Optimize multiline diff for (some metric of) edit-distance #27

nickolay · 2019-01-14T01:52:52Z

I'm trying to use pretty-assertions for snapshot testing. I compare the snapshotted multiline-string with the new value using the PrettyString trick from #24.

When the actual result got indented (compared to the snapshot), the diff output became very confused:

The reason is that two unrelated lines (Foo's and Bar's lorems) got matched up in the first (line-based) comparison pass, which should instead realize there's a new line Some(, followed by a few modified lines, followed by a new line ).

#[test]
fn test_multiline_diff() {
    assert_eq!(PrettyString(r#"Foo {
    lorem: "Hello World!",
    ipsum: 42,
    Bar {
        lorem: "Hello World!",
    }
}"#), PrettyString(r#"Some(
    Foo {
        lorem: "Hello World!",
        ipsum: 42,
        Bar {
            lorem: "Hello World!",
        }
    }
)"#));
}

The text was updated successfully, but these errors were encountered:

colin-kiegel · 2019-02-15T17:52:55Z

I agree, that the presentation is confusing - despite being a correct solution, it doesn´t seem to be an optimal solution.
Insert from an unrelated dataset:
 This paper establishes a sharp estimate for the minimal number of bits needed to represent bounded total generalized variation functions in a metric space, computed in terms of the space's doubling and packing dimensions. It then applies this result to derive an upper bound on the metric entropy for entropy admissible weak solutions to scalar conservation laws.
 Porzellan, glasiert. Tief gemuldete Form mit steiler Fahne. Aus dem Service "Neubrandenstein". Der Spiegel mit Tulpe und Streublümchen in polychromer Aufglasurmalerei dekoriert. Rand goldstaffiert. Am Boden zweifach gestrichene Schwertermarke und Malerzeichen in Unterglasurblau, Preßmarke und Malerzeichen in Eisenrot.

You already mentioned, that the current heuristic algorithm is doing two passes and the first is line-based, while the second pass is character-based. Thats the problem: The first pass doesnt look at whitespaces (or any metric of edit-distance)...
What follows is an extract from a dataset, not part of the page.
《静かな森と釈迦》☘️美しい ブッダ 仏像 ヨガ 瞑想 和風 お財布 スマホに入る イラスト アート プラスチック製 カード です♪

I´m open for suggestions about a better algorithm. ^^
(This must have been solved before.. ;-))

cormacrelf · 2019-11-06T05:14:20Z

I deleted a previous comment that was wildly inaccurate.

What we actually want here is

A subjectively better diff algorithm than the difference crate's plain LCS, like Patience or Histogram, which is a faster version of Patience: look through the figures in https://rdcu.be/bWfbo for a sense of how much better it is than Myers, or tell Git to use diff.algorithm = histogram and try it out.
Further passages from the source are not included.